縦裂FNO

日々、見るもの流れゆく物の例え。

夏はよく人が死ぬ 後編

  

 僕は無響室に入った事がある。無響室というのは字の如く、音が吸収され響かない部屋のことで、ここで声を出しても耳をふさいで喋っているような感じがするし、声もいつもより大きく発声しないと相手に届きにくい。手を叩いたときに出るパンッという音も、部屋に広がると言うより、ぎっしりと満たされた静寂のなかに一瞬だけ音が無理に入り込むような感じなのだ。別の言い方をすれば、真っ暗なモニターに見えるか見えないかくらいに一瞬だけ映像が映り即座に消える感じで、聴覚的というよりはどこか視覚的な感覚に近いものがある。そしてこの無響室の面白いところは自分の血流の音が聞こえるというところで、心臓のドクン、ドクンという音が聞こえる。つまりこれはどんなに完璧な静寂を実現しようとも、自分の心臓が止まらない限り完璧な静寂は存在しないということになる。完全な静寂を求めている人がいたとしたら、その人はもう死ぬしかないのである。

  小3の夏休みに父に連れられプールに行った日、この日初めて、水中では無響室のように心臓の音が聞こえる、ということに気付いた。水中に潜った瞬間、蝉の鳴き声や子供たちのはしゃぎ声、工事の騒音が一瞬にして消え失せ、心臓の音だけが聞こえ始めた。これはなんとも不思議な感じがした。この日までに何度もプールへは行っているはずだが、このことをハッキリと自覚したのはこの日が初めてだった。帰り道でこのことを父に話したのを覚えている。

 水中では心臓の音がドクドクと聞こえ、自分が生きていることを強く自覚できる。しかし、このまま息をしないでいるとその音は消えてしまい自分は死んでしまう。若干の矛盾を孕んでいる気もするが、自分が生きていることをより強く認識するには死が目の前に、手の届く位置にある必要があるのだ。(無響室のような特殊な環境を除く)

 その点において、夏は生と死が最も近づく季節である。戦争や原爆といった悲しみを語る歴史、それと、お盆や肝試しといった我々に楽しさを与えてくれるもの、これらはすべて夏に起きた死が、生を全うする我々にもたらすイメージ、そしてイベントだ。例年夏になると、アナウンサーが無機質な声で熱中症や海のレジャーでの死者を伝えているが、それを聞いている人々は、その悲劇を当り前の事のように聞き流している。彼、彼女らの悲劇的な<季節死>は、それほど夏という季節に溶け込んでおり、その悲痛な叫び声は沈黙させられている。緑生い茂る木々を見上げれば、けたたましく、そして活き活きと蝉が鳴いていて、我々に夏であることを告げ続けている。しかし足元に目を向けるとたくさんの蝉の死体が転がっている。落ち葉のように枯れ、無言のままに横たわるその躯は、その騒々しさの行く末として酷く悲しいものに見える。見上げる視線の先、そして足元、この僅か数メートルの間に、生と死というそのままの姿では絶対に超える事のできない世界の深い隔たりがあって、夏というのはその見えない境界線がすぐ近くにあるような気がしてならない。

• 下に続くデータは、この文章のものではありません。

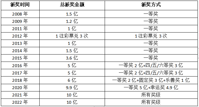 从派奖金额来看,可谓是一路升高,节节开花。2008至2014年,派奖金额基本在2亿元以内;2015年实现突破,派奖金额上涨至3.6亿元;2016至2017年,派奖金额均为5亿元;2018年因“乐善奖”的加入上调至6亿元;2020年则大幅上调至9.9亿元;2021年、2022年,大乐透派奖金额持续突破,达到10亿元,力度空前,且2022年派奖还新增了15周年特别奖。超级大乐透派奖频率高、力度大。上市第二年,就开始进行大派奖活动,一路为购彩者派送惊喜。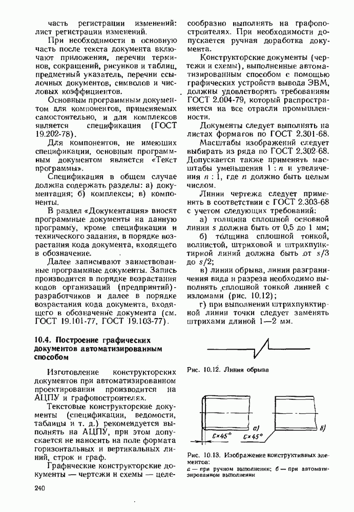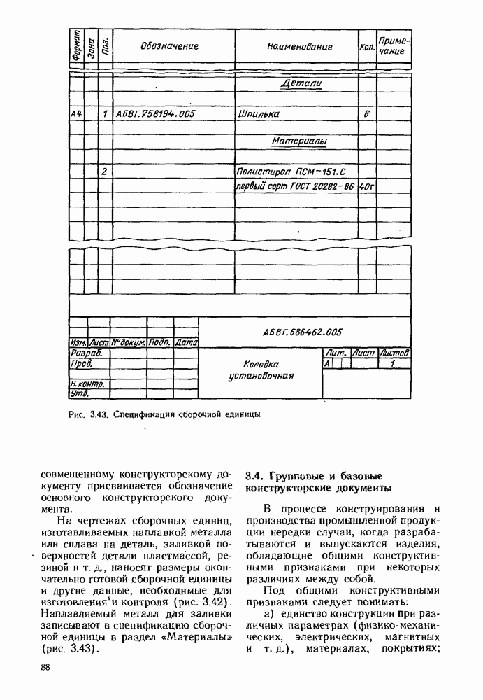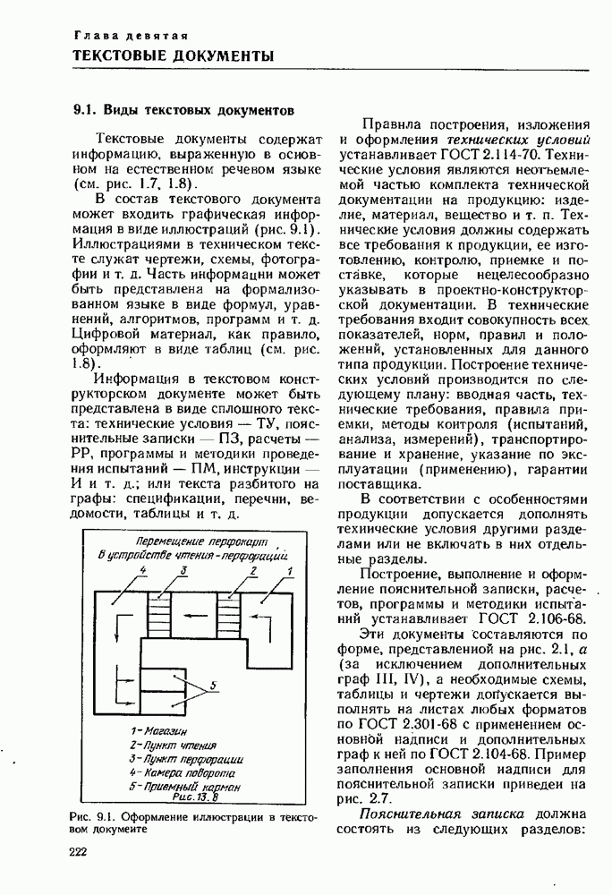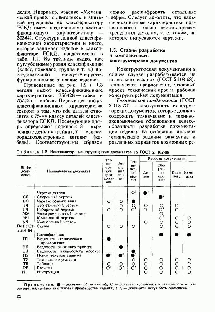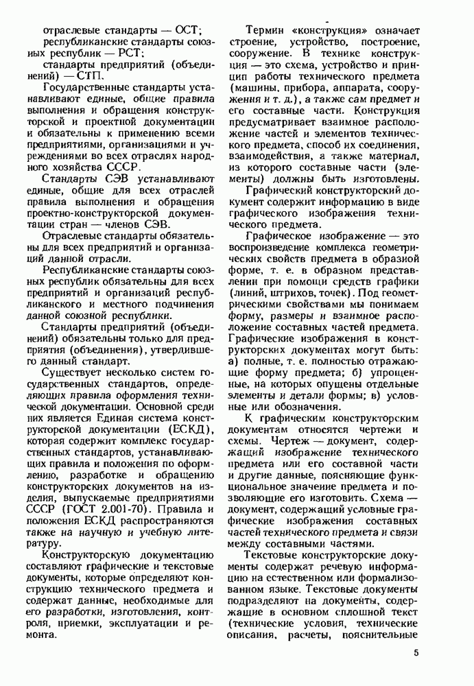 1.3. Чертежи, схемы и текстовые конструкторские документыКонструкторская документация определяет устройство и состав изделия, содержит необходимые данные для его изготовления, контроля, приемки, эксплуатации и ремонта. Конструкторские докуметы в зависимости от представленной в них информации подразделяют на графические (чертежи и схемы) и текстовые (спецификации, пояснительные записки, расчеты, ведомости, инструкции, технические условия и т. д.). В графическом конструкторском документе основная информация о техническом предмете представлена в виде графического изображения, выполненного черным цветом при помощи линий, штрихов и точек. Информация О предмете в виде графического изображения наиболее удобна при рассмотрении устройства и принципа действия изделия, взаимного расположения и устройства его составных частей, геометрической формы деталей. Часто графическая информация сопровождается текстовой или знаковой (знаки и цифры) информацией. Текстовые документы содержат речевую описательную информацию, а также расчеты и их результаты. Текстовый документ оформляется в виде сплошного текста или текста, разбитого на графы (спецификации, ведомости, таблицы и т. д.). Стандарты ЕСКД (ГОСТ 2.102-68) предусматривают номенклатуру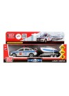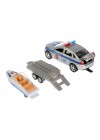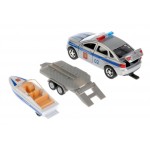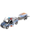 Полицейская машина оснащена съёмным прицепом с размещённой на нём лодкой.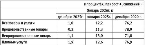 За январь 2026 года цены на платные услуги увеличились на 1,9%, непродовольственные товары – на 1,1%, продовольственные товары – на 0,3%.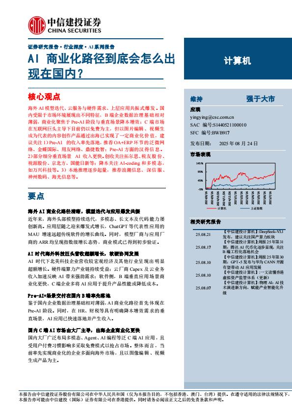 【21333E】【中信建投】计算机行业AI系列报告:AI商业化路径到底会怎么出现在国内 14小时前 9月 1 预览结束,本文件为PDF文档,一共35页,请购买后,下载查看 资源下载下载价格59 H币VIP免费升级VIP立即购买下载或充值问题请将订单号发送到:2907878669@qq.com ,我们会在24小时内为您处理 科技电子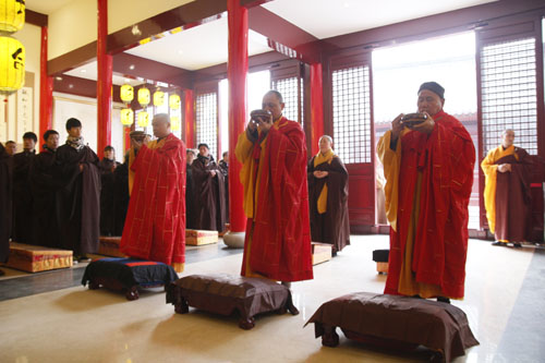 2015年2月10日武汉归元禅寺昌明老和尚纪念堂正式对外开放,归元禅寺现任方丈隆印大和尚带领两序大众在纪念堂诵经祈福。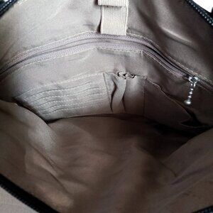 Main compartment has zipper closure -- organizer panel on interior rear wall includes 2 elastic lipstick/pen holders, 6 card slots, 2 pen slots, slip pocket and zipper pocket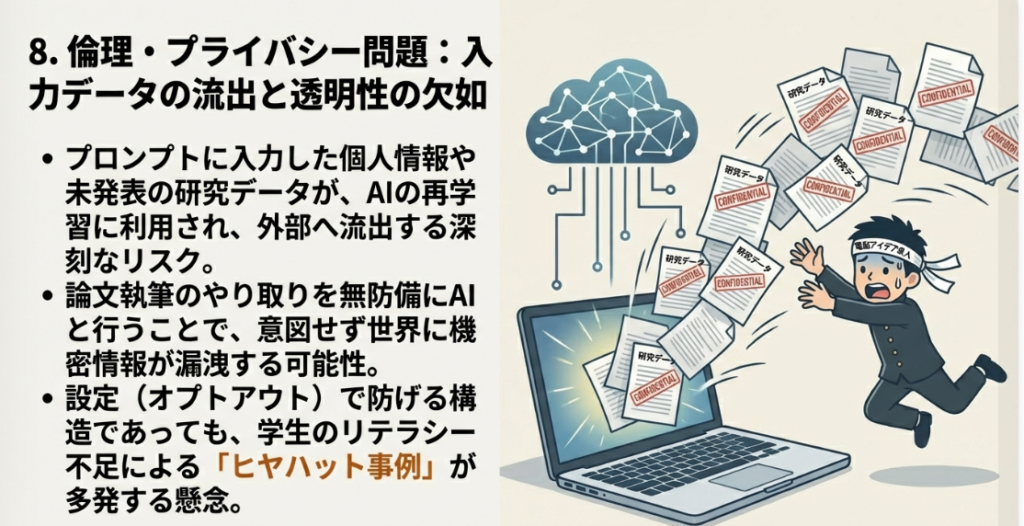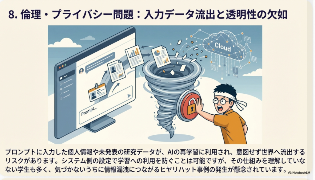 🔒 プライバシーリスク 生成AIに入力した個人情報や未発表の研究データが、AIの再学習に利用されて意図せず外部に流出する危険性があります。これから発表する論文の内容をAIでやり取りすると世界に漏洩してしまう可能性があり、設定で防げる場合もありますが、学生が気づかないまま情報を入力してしまうヒヤリハット事例が懸念されています。

 父に連れられて行ったプールもそれなりには楽しかったし、帰りの食事も美味しかった。自分を苦しめるものは何一つ無かった。けれども、いつもなんとなく感じていた気だるい空気感は抜けなくて、静寂に包まれているような感覚が続いた。これは何なのだろう、何故なんだろう、これを打破するにはどうしたらいいんだろうと思った。ただ今思うのはそれはなにも間違ったものではなく、夏という季節そのままの姿なのだということ。上記したような事柄が我々に暗に示すイメージ。生と死の静寂。思春期ならではの多感さがそれに気付かせてくれたのだろう。今はなんとなくわかる。何のことはない、すべて当たり前のことで、死や静寂はそこに潜んでいるのではなく、隣に立っているだけなのだ。楽しいことばかりの夏ではない。死に目を向けさせるのも夏の役割だ。